Vylander's face clouded. "Then I guess that's it."
"There is one more thing."
"Which is?"
"Good luck," Bass said, his lips edging into a tight grin.
It was a grin Vylander didn't like, not one tiny bit. He pulled open the door and, without replying, walked out into the cold.
In the control cabin, slouched so far down that the back of his head rested a good foot below his headrest, Lieutenant Sam Gold, Vylander's copilot, preoccupied himself with a flight checklist while, behind him off to his left, Captain George Hoffman, the crew's navigator, fiddled with a plastic protractor. Neither man paid the slightest acknowledgment to Vylander as he stepped through the bulkhead door leading from the cargo cabin.
"Course plotted?" Vylander inquired of Hoffman.
"All the preliminary dirty work has been figured by the Navy experts. Can't say as I agree with their choice of scenic routes, though. They've got us flying over the most desolate country in the West."
A worried expression came over Vylander's face, which didn't go unnoticed by Hoffman. The major looked over his shoulder at the huge metal canisters strapped down in the cargo section and tried to summon up a vision of their contents.
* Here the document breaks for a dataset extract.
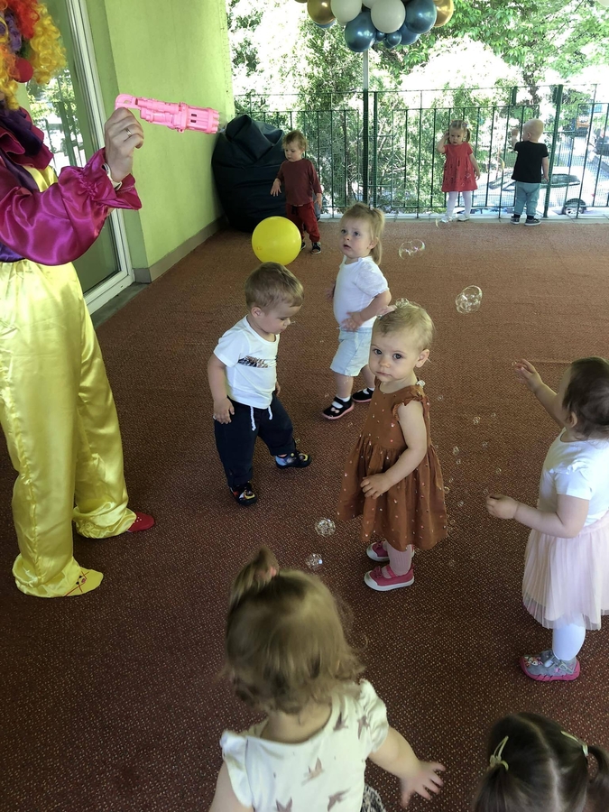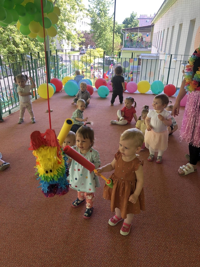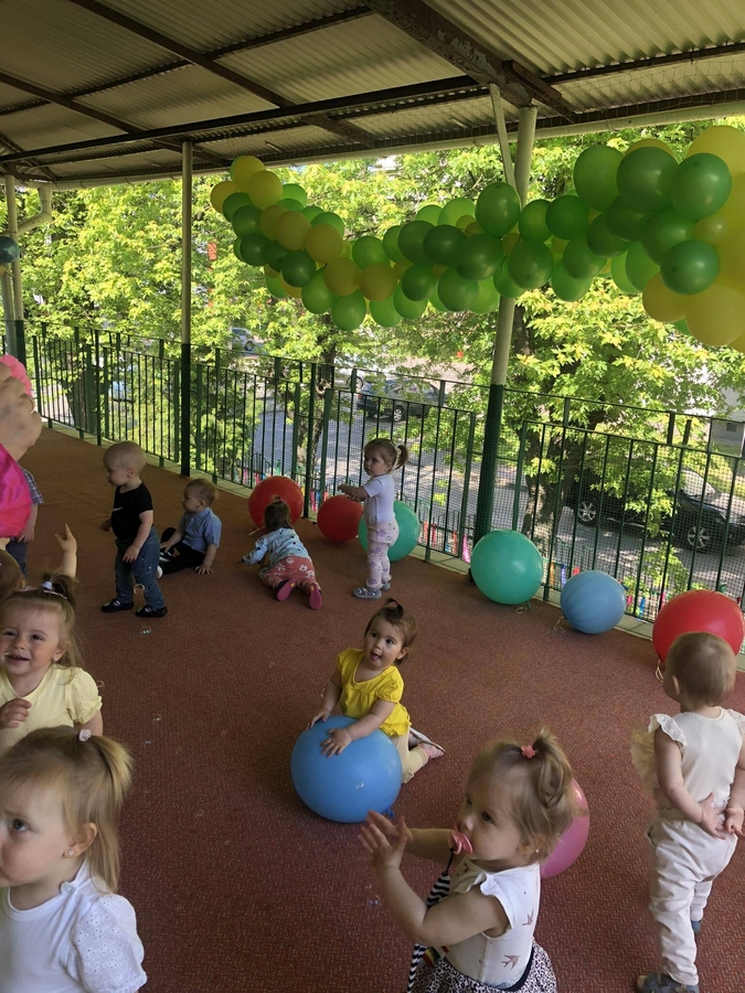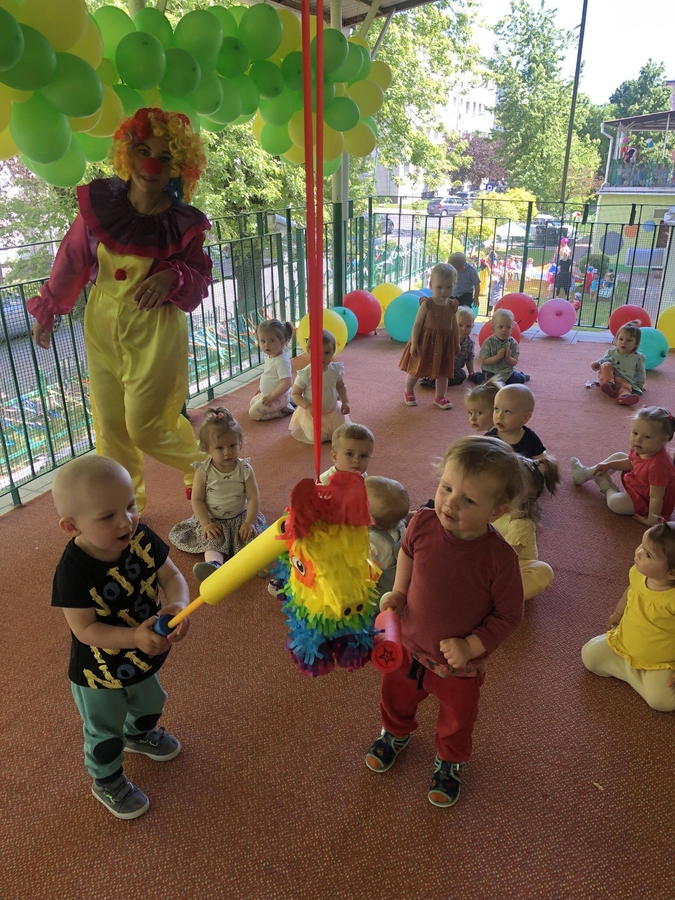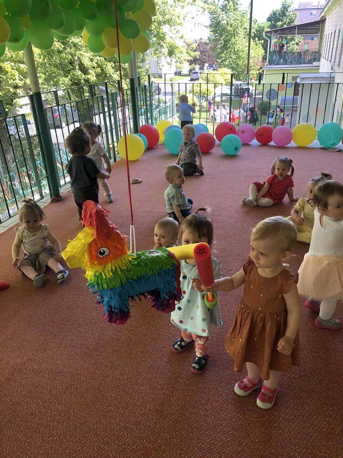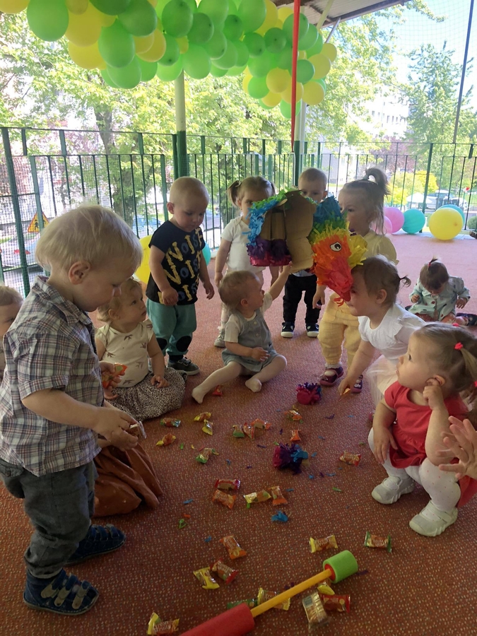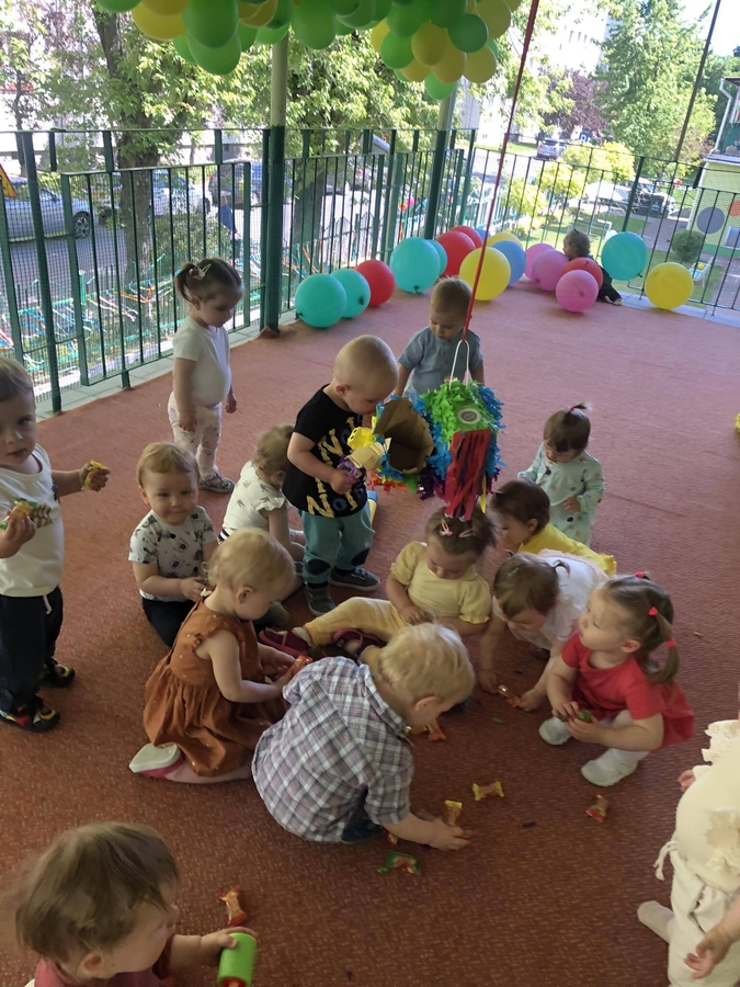 Dziś dzieci z grupy ,,Biedroneczki" wraz ze swoimi opiekunkami na pięknie przystrojonym balonami tarasie świętowały swój dzień.

His contemplation was interrupted by the Buster Keaton-deadpan face of Master Sergeant joe Burns, the flight engineer, peering around the cabin door. "All buttoned up and ready for the wild blue yonder, Major." Vylander nodded without taking his eyes off the sinister-lo o king canisters. "Okay, let's put this chamber of horrors on the road."
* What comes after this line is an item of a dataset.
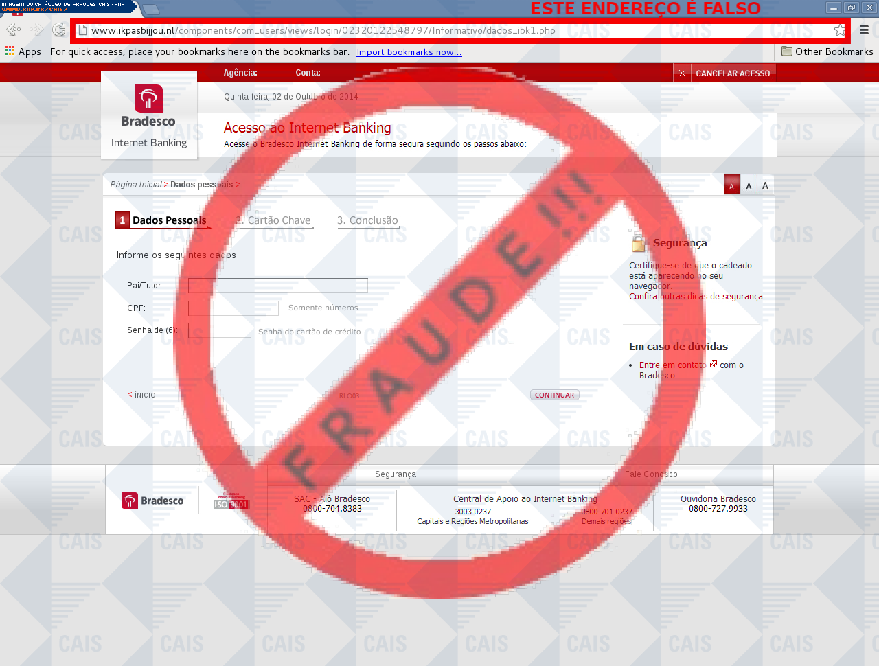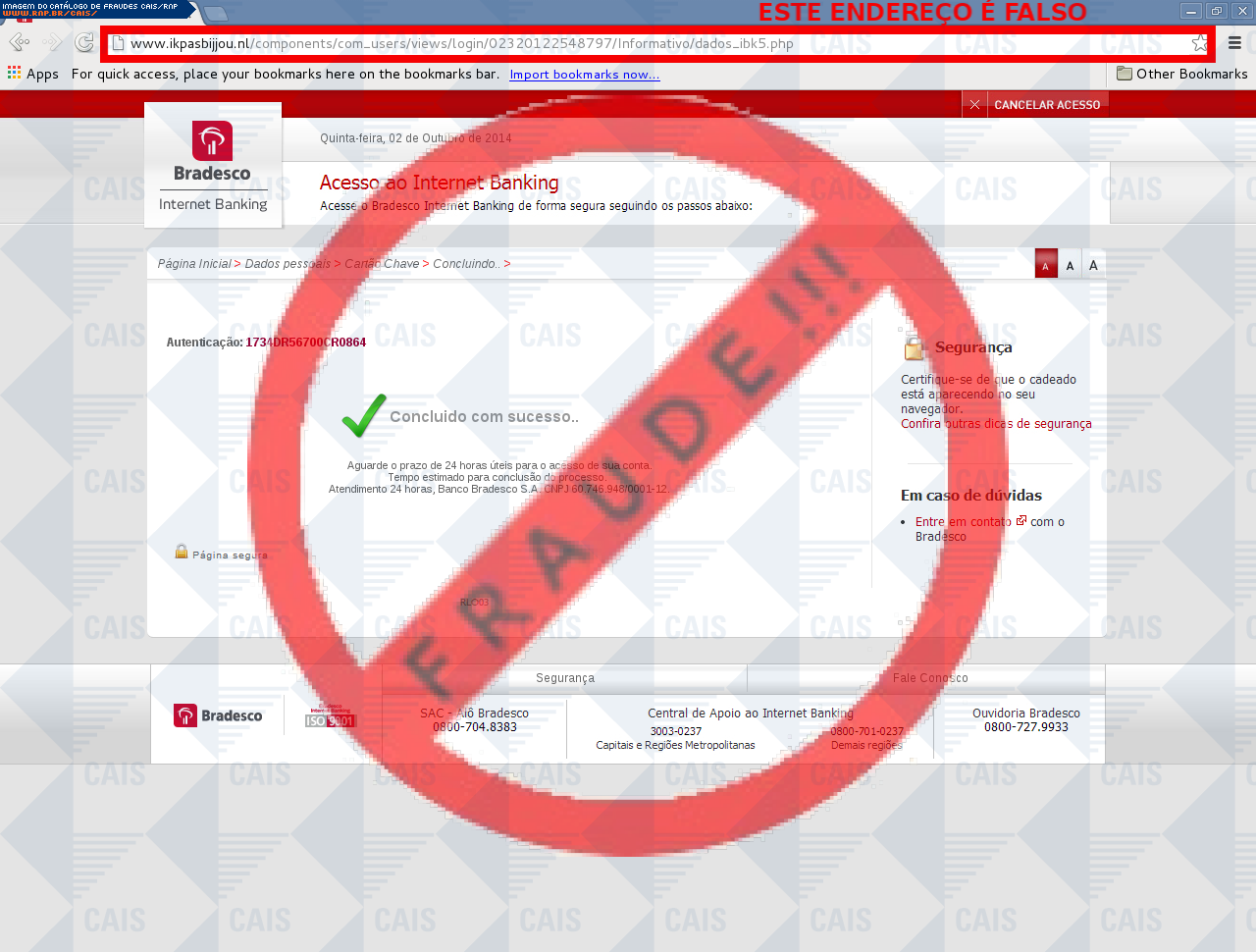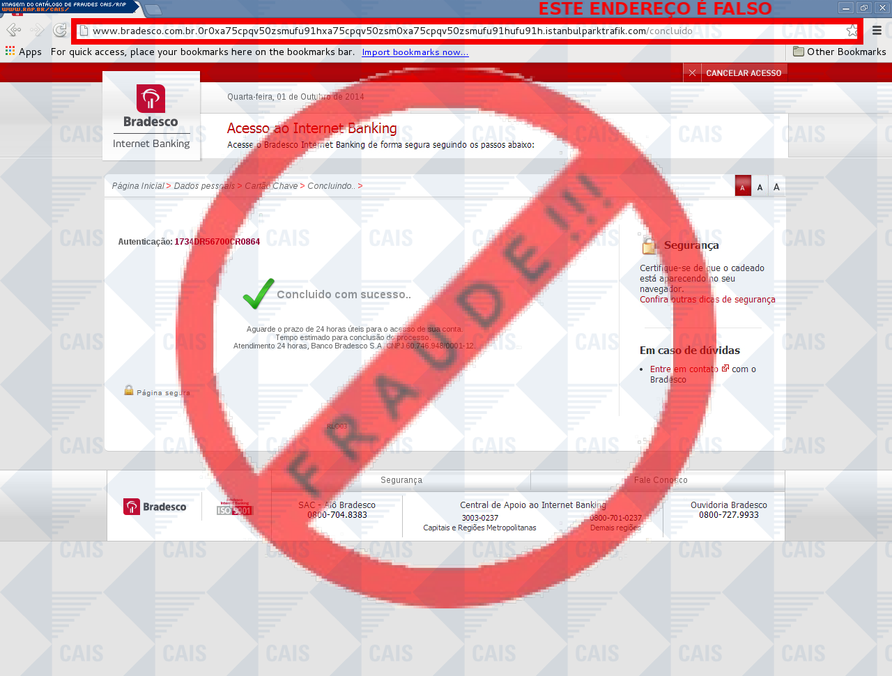 | tipo | FRAUDE - Bradesco chave de segurança | ID: 33581 |

The first engine turned over and sputtered to life, followed quickly by the other three. Then the auxiliary-power unit was unplugged, the chocks holding the wheels were pulled, and Vylander began taxiing the overburdened aircraft toward the end of the main runway. The security guards and the maintenance crew turned away and scurried for the warmth of a nearby hangar as the prop wash lashed their backs.
Admiral Bass stood in the Buckley control tower and watched the Stratocruiser crawl like a pregnant bug across the snow-swept field. A phone was clutched in his hand and he spoke quietly into the receiver.
"You may inform the President that Vixen 03 is preparing for takeoff."
"When do you figure its estimated time of arrival?" asked the stern voice of Charles Wilson, Secretary of Defense, through the earpiece.
"Allowing for a fuel stop at Hickam Field, in Hawaii, Vixen 03 should touch down in the test area approximately 1400 hours Washington time."
"lke has scheduled us for 0800 hours tomorrow. He insists on a detailed briefing of the upcoming experiments and a running report on Vixen 03's flight progress."
"I'll take off for Washington immediately."
"I don't have to paint you a picture, Admiral, of what would happen if that plane crashed in or near a major city."
Bass hesitated in what seemed a long and terrible silence. "Yes, Mr. Secretary, it would indeed be a nightmare none of us could live with."
"The manifold pressure and the torque read a shade low across the board," announced Sergeant Burns. He watched over the engineer's panel with the intensity of a ferret.
"Enough to abort?" Gold asked hopefully.
"Sorry, Lieutenant. Internal-combustion engines won't perform in the thin mountain air of Denver like they will at sea level. Considering the altitude, the gauge readings are par for the course."
Vylander gazed at the strip of asphalt ahead. The snowfall had lightened, and he could almost see the halfway marker. His heart began to throb a little faster, keeping time with the rapid beat of the windshield wipers. God, he thought to himself, it looks no bigger than a shuffleboard court. As if in a trance, he reached over and picked up his hand mike.